What to do: Using the records that follow, reproduce exactly the lines starting at the line containing "Nach dem verregneten" and ending at the line containing "12月6日(月)の給食は、「". Include both end lines and no pictures.

[Task inputs Boundary: Start]

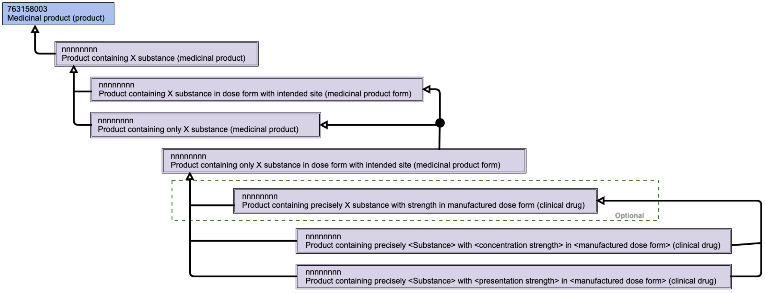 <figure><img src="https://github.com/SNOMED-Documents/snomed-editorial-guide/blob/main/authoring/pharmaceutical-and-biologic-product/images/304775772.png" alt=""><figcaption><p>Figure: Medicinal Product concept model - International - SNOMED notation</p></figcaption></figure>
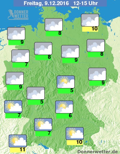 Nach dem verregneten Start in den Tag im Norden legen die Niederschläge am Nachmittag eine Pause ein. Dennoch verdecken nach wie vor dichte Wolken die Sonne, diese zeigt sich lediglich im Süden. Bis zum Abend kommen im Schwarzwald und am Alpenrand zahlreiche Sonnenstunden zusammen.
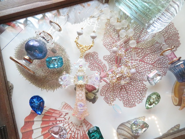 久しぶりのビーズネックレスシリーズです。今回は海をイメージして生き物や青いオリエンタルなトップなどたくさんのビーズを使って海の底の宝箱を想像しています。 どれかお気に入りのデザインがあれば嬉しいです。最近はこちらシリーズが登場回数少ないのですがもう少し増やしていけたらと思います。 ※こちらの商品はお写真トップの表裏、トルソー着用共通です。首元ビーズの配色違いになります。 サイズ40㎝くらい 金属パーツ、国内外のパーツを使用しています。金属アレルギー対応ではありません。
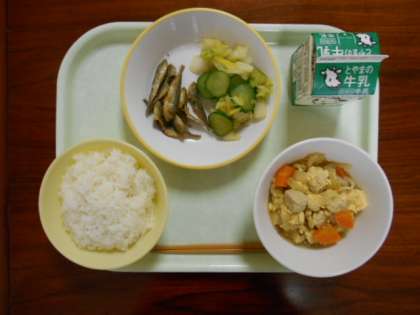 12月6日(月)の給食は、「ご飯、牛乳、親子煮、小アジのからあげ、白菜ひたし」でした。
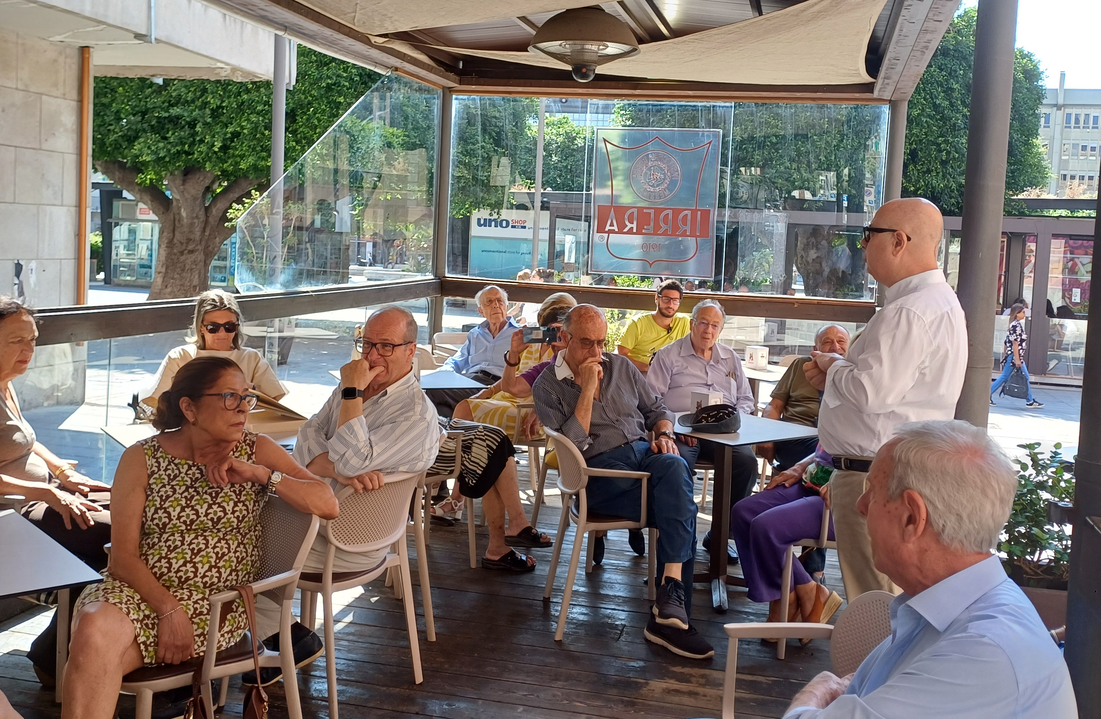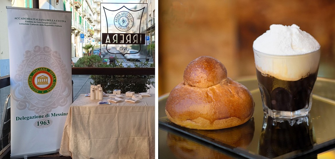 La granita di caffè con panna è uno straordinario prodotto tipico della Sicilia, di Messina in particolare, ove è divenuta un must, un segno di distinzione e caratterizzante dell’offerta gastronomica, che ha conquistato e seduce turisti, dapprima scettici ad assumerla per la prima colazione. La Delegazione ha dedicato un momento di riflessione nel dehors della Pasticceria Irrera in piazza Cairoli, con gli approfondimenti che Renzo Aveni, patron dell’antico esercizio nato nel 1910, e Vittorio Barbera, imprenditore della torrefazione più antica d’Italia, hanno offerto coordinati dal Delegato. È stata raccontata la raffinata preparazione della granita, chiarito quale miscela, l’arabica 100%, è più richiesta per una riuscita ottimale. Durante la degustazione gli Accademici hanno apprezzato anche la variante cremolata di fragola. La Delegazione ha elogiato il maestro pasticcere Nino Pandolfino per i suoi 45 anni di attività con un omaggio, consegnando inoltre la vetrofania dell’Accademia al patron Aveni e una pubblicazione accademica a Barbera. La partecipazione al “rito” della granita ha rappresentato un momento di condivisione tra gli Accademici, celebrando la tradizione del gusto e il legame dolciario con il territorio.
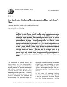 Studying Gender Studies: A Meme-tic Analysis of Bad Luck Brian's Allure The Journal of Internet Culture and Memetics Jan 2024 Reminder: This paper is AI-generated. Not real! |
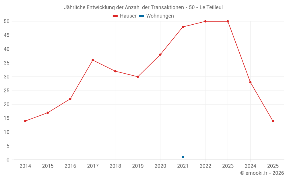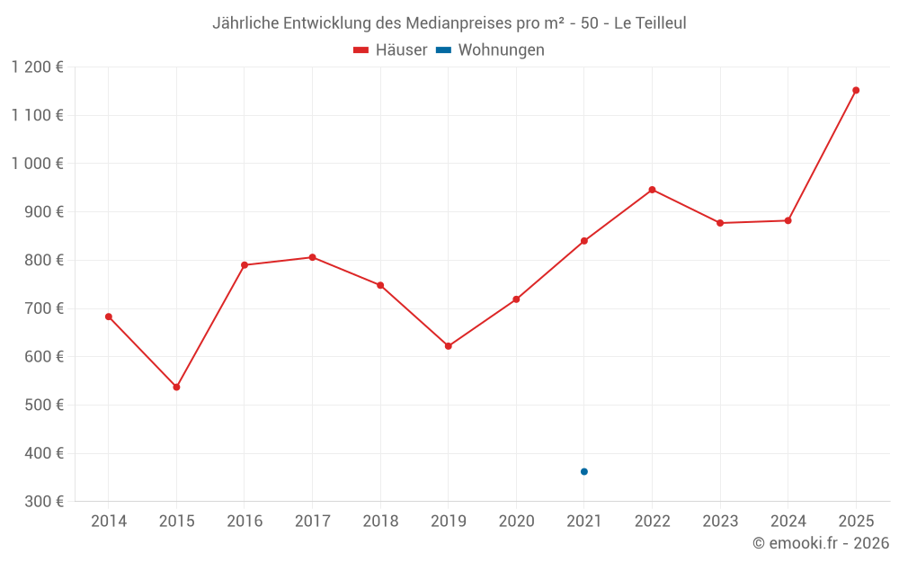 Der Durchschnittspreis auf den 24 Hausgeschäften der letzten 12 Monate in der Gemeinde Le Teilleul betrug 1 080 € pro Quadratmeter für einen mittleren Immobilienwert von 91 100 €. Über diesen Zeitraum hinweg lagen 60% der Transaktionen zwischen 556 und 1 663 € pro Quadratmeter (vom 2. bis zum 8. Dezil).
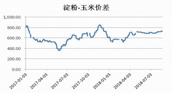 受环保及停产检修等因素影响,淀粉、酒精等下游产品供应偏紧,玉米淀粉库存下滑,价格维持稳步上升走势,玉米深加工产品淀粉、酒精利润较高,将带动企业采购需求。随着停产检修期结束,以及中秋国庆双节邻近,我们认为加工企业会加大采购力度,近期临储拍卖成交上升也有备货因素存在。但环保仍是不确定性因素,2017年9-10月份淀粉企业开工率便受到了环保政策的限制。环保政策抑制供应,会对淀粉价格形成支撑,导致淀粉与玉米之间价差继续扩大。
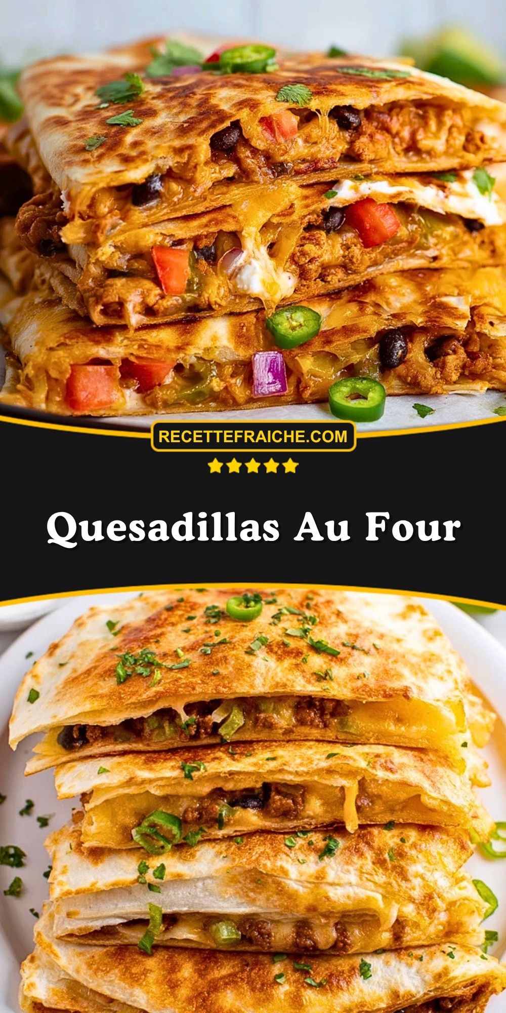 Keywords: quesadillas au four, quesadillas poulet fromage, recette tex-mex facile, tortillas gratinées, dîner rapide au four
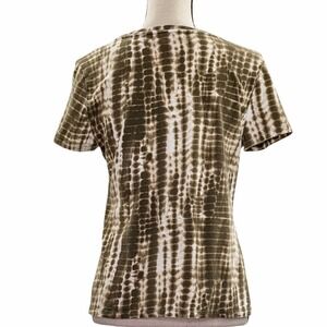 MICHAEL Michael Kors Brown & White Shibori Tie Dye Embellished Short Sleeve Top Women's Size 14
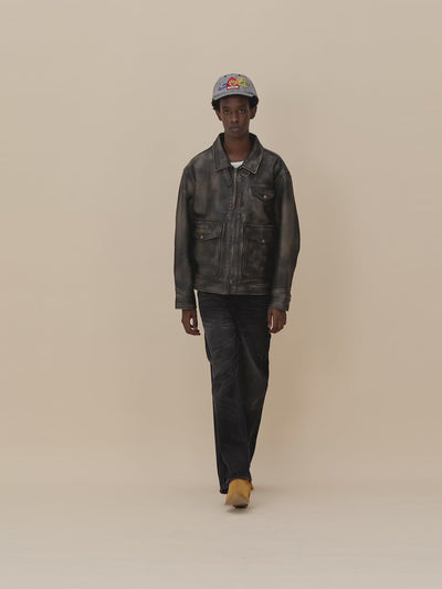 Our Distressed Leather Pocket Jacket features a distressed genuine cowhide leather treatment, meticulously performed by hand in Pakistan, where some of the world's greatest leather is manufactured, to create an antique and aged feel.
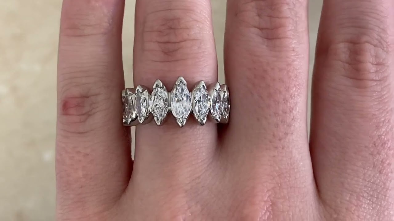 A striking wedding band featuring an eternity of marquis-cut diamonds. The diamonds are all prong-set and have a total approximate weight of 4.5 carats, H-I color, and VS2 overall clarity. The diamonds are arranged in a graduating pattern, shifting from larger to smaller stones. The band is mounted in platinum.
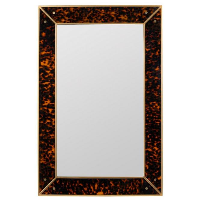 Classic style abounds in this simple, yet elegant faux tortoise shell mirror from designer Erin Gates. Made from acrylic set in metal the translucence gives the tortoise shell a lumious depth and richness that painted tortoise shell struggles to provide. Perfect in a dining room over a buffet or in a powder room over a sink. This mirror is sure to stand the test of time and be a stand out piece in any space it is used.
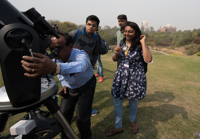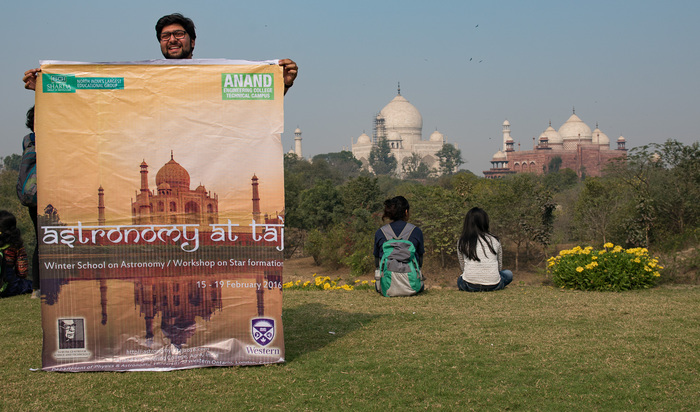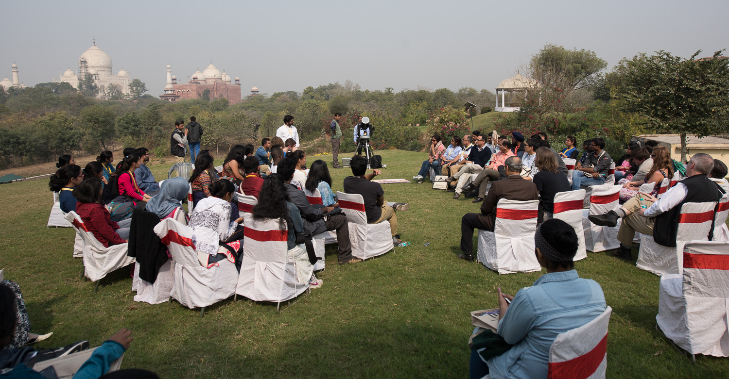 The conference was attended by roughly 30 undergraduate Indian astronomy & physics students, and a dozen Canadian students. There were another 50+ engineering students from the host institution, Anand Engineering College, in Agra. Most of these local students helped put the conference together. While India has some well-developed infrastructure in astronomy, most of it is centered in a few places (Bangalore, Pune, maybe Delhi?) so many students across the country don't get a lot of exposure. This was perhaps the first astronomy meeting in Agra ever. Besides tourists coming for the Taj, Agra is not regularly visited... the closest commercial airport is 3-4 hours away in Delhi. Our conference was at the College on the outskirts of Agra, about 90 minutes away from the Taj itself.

[Task inputs Boundary: End]

Answer space:
 Nach dem verregneten Start in den Tag im Norden legen die Niederschläge am Nachmittag eine Pause ein. Dennoch verdecken nach wie vor dichte Wolken die Sonne, diese zeigt sich lediglich im Süden. Bis zum Abend kommen im Schwarzwald und am Alpenrand zahlreiche Sonnenstunden zusammen.
 久しぶりのビーズネックレスシリーズです。今回は海をイメージして生き物や青いオリエンタルなトップなどたくさんのビーズを使って海の底の宝箱を想像しています。 どれかお気に入りのデザインがあれば嬉しいです。最近はこちらシリーズが登場回数少ないのですがもう少し増やしていけたらと思います。 ※こちらの商品はお写真トップの表裏、トルソー着用共通です。首元ビーズの配色違いになります。 サイズ40㎝くらい 金属パーツ、国内外のパーツを使用しています。金属アレルギー対応ではありません。
 12月6日(月)の給食は、「ご飯、牛乳、親子煮、小アジのからあげ、白菜ひたし」でした。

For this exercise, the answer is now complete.